Worth saying clearly: GPT-Realtime-Translate is not a conversational model. It will not answer questions, will not call tools, and will not negotiate appointments. It translates — and that is all. Anyone building a full-fledged voice agent that books, qualifies, classifies, or transacts will combine Translate with a reasoning model such as GPT-Realtime-2, or switch between the two modes depending on the conversation phase. Famulor handles that orchestration inside its flow-builder and seamlessly transitions between translate, dialogue, and tool-use modes mid-call.
Traditional STT-MT-TTS pipeline vs. GPT-Realtime-Translate
Until now, live translation in a telephony context required a three-stage pipeline: Deepgram or Whisper for STT, a translation model such as Google Translate, DeepL, or GPT-4, and finally a TTS engine such as ElevenLabs or Cartesia Sonic. It works — but it costs latency and it costs prosody, because the translated audio is regenerated from scratch and the speaker's pacing, emphasis, and emotional color are lost on the way.

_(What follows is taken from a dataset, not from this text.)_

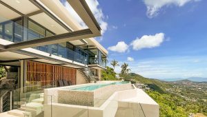 The 4 bedroom villa is located on one of the highest points on the island and therefore offers a breathtaking view. The area is very quiet. In a few minutes you can reach the beach of Chaweng Noi, Chaweng beach or Lamai. There are very good Thai restaurants nearby, and there is also something for friends of organic cuisine. There is a 9 hole golf course nearby and 2 elephant stations and a lookout tower are within walking distance.

| Criterion | Traditional STT → MT → TTS | GPT-Realtime-Translate |
|---|---|---|
| End-to-end latency | 1,500–2,500 ms | 400–900 ms |
| Model count | 3 (STT + MT + TTS) | 1 |
| Input languages | 50–95 (depends on STT) | 70+ |
| Output languages | near-unlimited (depends on TTS) | 13 |
| Prosody and emphasis | largely lost | largely preserved |
| Billing | per STT minute + per MT token + per TTS character | per minute (single bill) |
| Code complexity | high (stream sync, error handling) | low (one endpoint) |
| Tool-calling during translation | possible (via separate LLM) | not directly |
The takeaway for telephony: traditional pipelines still make sense when you need a rare output language or when tool calls must fire inside the translation step. For everything else — and that covers the majority of multilingual phone use cases in 2026 — Realtime-Translate is both faster and cheaper.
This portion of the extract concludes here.